Y ¿qué podemos saber de los protagonistas? Nada sabemos del padre de Gabriel, pero sí de su “matriarcal y seria madre”, en cuya fotografía repara; su madre, que solo bordaba y no tenía el talento musical de sus tías; y que fue la que puso nombre a sus hijos; gracias a la cual su hermano es ahora párroco y él pudo graduarse en la Universidad; y que se opuso a su matrimonio porque su mujer no era nada, nada más que una mujer cualquiera, una “rubia rural”… ¿No era esta la situación del propio Joyce? Él, que adoraba más que nada sentarse a una buena mesa, la letra impresa, y la actividad ciclista, como Gabriel, y que no pudo gozar de Nora sino al precio de rebajarla a una “mujer cualquiera”, como es sabido por las famosas, impúdicas e “impublicables” cartas a Nora.

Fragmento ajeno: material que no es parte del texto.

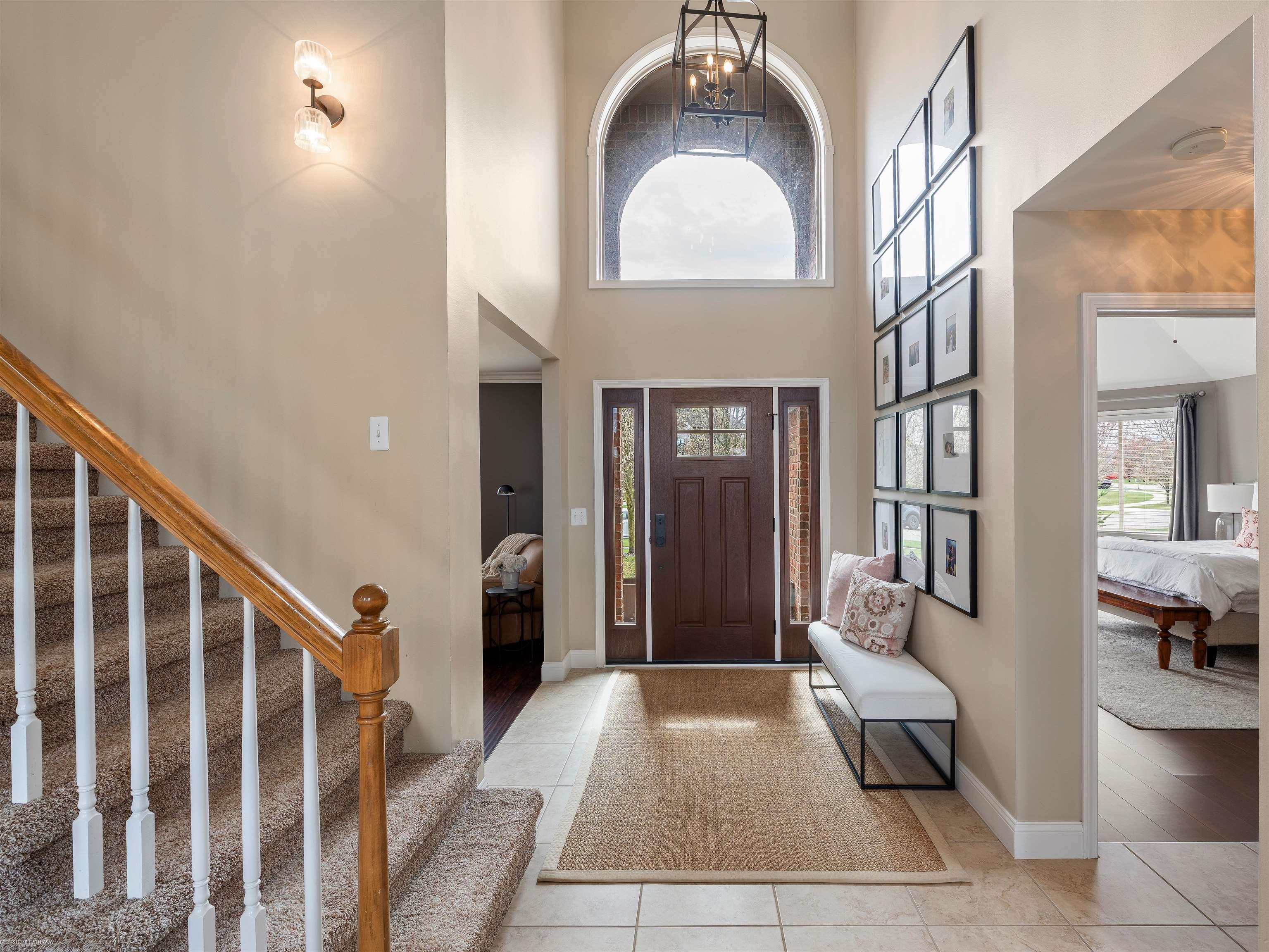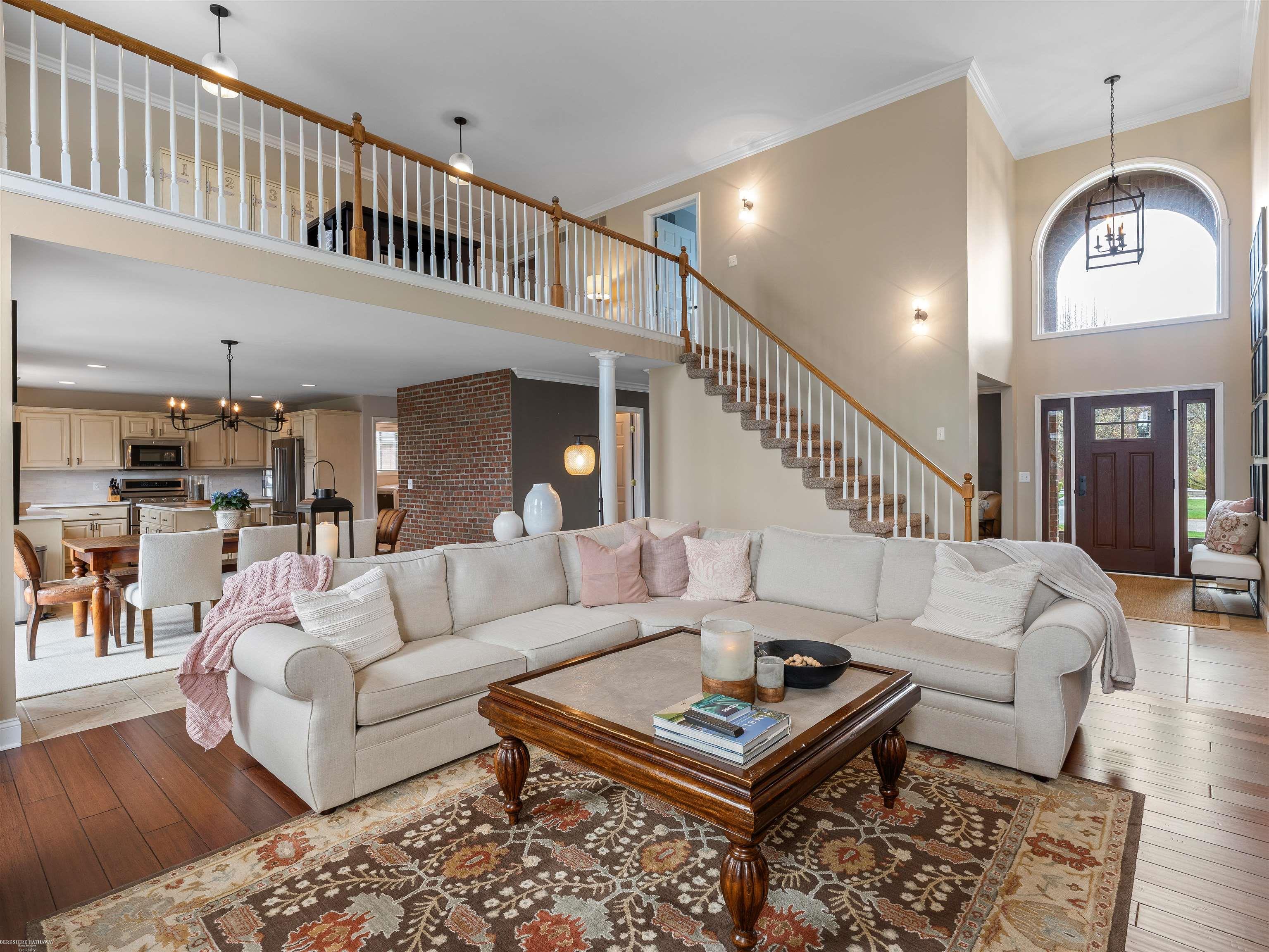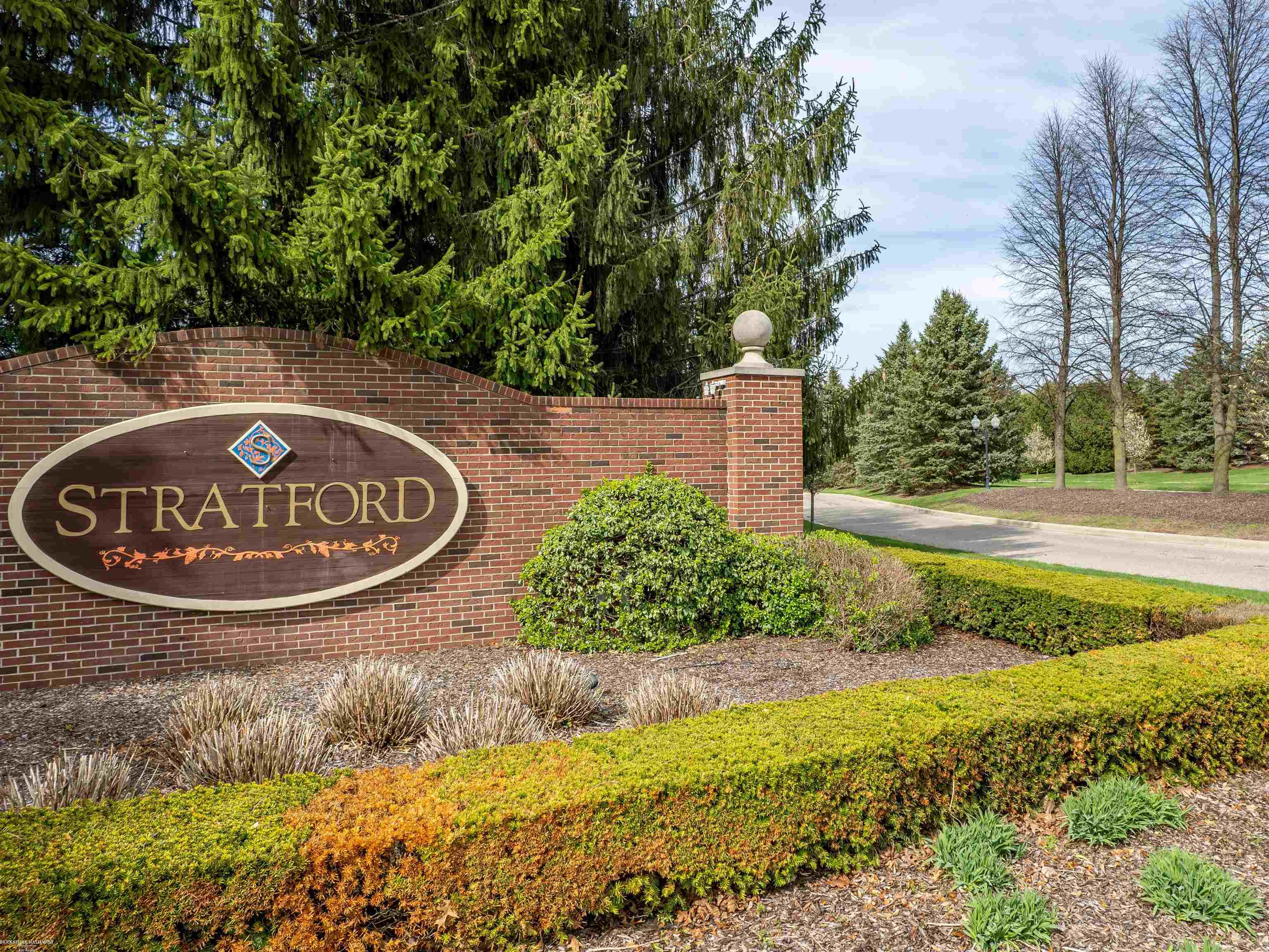 Welcome to this beautifully maintained 5 bedroom home in the highly sought-after Stratford Subdivision offering comfort, style, and functionality. The newly added front door leads to dramatic 2-story entry and the expansive Great Room is designed to impress. Rich Brazilian cherry engineered wood flooring enhances the library/den, 1st floor Primary Suite and spacious large Upper Bedroom that features a charming Cape Cod window & walk-in closet. Quartz and granite counters throughout. Soaring ceilings, crown moldings, recessed lighting and a grand staircase with a huge open loft. The kitchen showcases Lafata cabinetry, island, 2 lazy Susan's and a pantry. Eating area has doorwall access to stamped concrete patio. 1st floor laundry with upper cabinetry 2020. The 1st floor Primary Suite has large bay window, updaed bath in 2023 with dual sinks & rain shower & hand held sprayer. Main bath updated with slate and tile in 2023. Finished basement expands the living space with a 5th Bedroom, full Bath, Family Room, Office, Workout Area and storage. Enjoy 2 ponds with fountains in sub with paved paths leading to public park.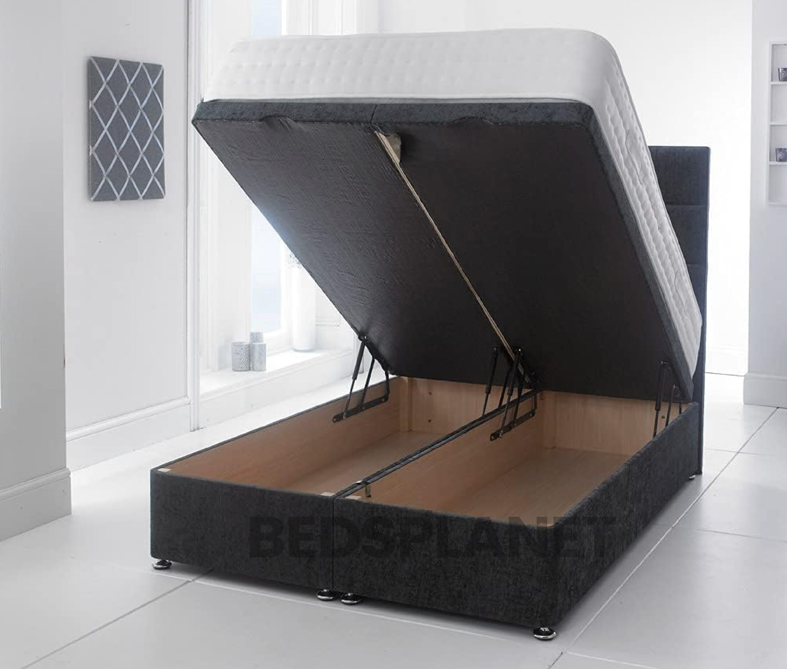 Mink Suede Divan Bed With Gas Lift and Mattress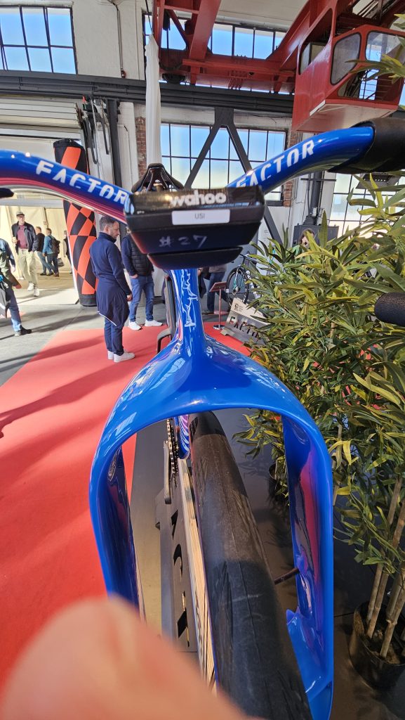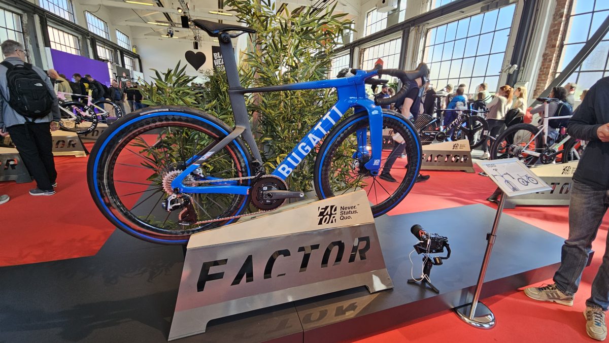 Die tolle Lackierung ist eins, Factor unterscheidet sich aber vor allem mit einem echten Fortschritt beim Rahmenbau. Auch das Factor Bugatti war in Düsseldorf und jeder konnte eines der auf 250 Stück limitierten Exemplare anfassen. Wer 25.800 Euro für ein Rennrad auf den Tisch legt, kann damit auf der nächsten RTF angaben (Foto).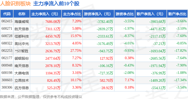从资金流向上来看,当日人脸识别板块主力资金净流出3.7亿元,游资资金净流出3523.07万元,散户资金净流入4.05亿元。人脸识别板块个股资金流向见下表: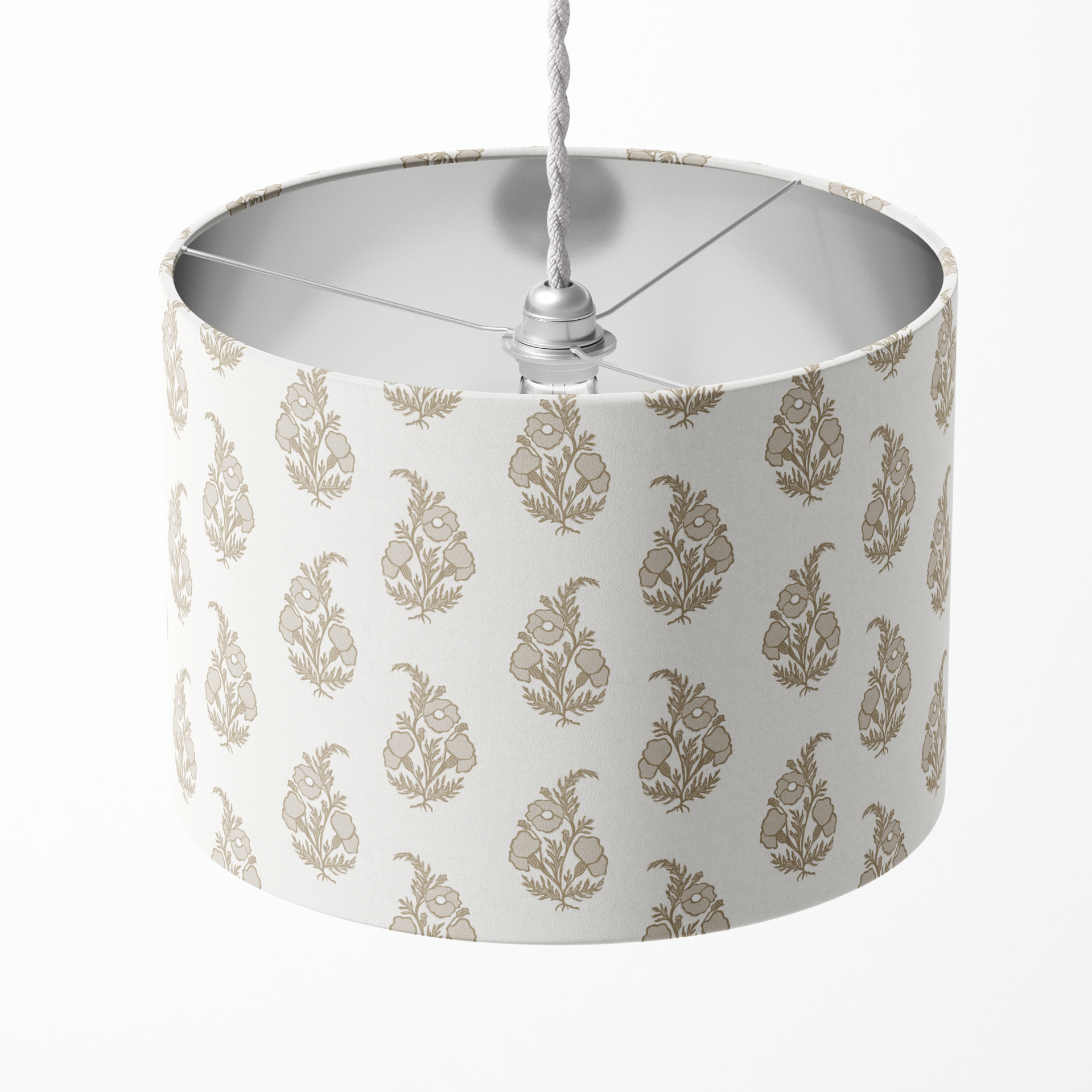 Enhance your home’s elegance with this velvet ceiling pendant featuring a stunning paisley block print motif in white and cream. This lampshade combines luxurious velvet texture with intricate paisley design, making it a perfect addition to any room. The Mughal Boteh motif was carefully carved and printed using traditional hand burnishing techniques before being digitised and reproduced on velvet. This makes for a perfect marriage of tradition and innovation that is HU:PU brand.

Y dejando de lado cualquier análisis en una óptica femenina, que diera crédito a la melancolía insuperable de Gretta, ¿de qué se trata en este congelado trío entre Gretta, Gabriel y el muerto sino de un bello fantasma enmarcado contra la nieve que cae sobre todos los vivos y todos los muertos, el de Joyce mismo, que apunta a su síntoma principal; aquel que Lacan calificó como el de “una-mujer-entre-otras”, una mujer cualquiera, de la que Joyce no podía hacer su mujer, tal como quiso la fría madre de Gabriel, y, así, una mujer cualquiera es la que se relaciona literalmente con cualquier otro hombre, incluido un muerto, en todo caso, una mujer no suya, una mujer en la que le fuera imposible unir el goce sexual y la ternura, justamente el síntoma de una degradación que lo había vinculado a Nora?
Pero otorguemos a este final otra respuesta más genuina, enigmática y feliz, pues estamos muy lejos de cualquier “sentido común” en lo que atañe a la imposible relación sexual. No basta esta helada, pusilánime y un tanto masoquista “perversión” joyceana como respuesta, porque hay la otra: la sabiduría del síntoma y de la falta que su arte encarna y encarnará con “hospitalidad, humor y humanidad” para varias “jocosas y ufanas” generaciones, a lo peor. “A no ser que digamos mentira”.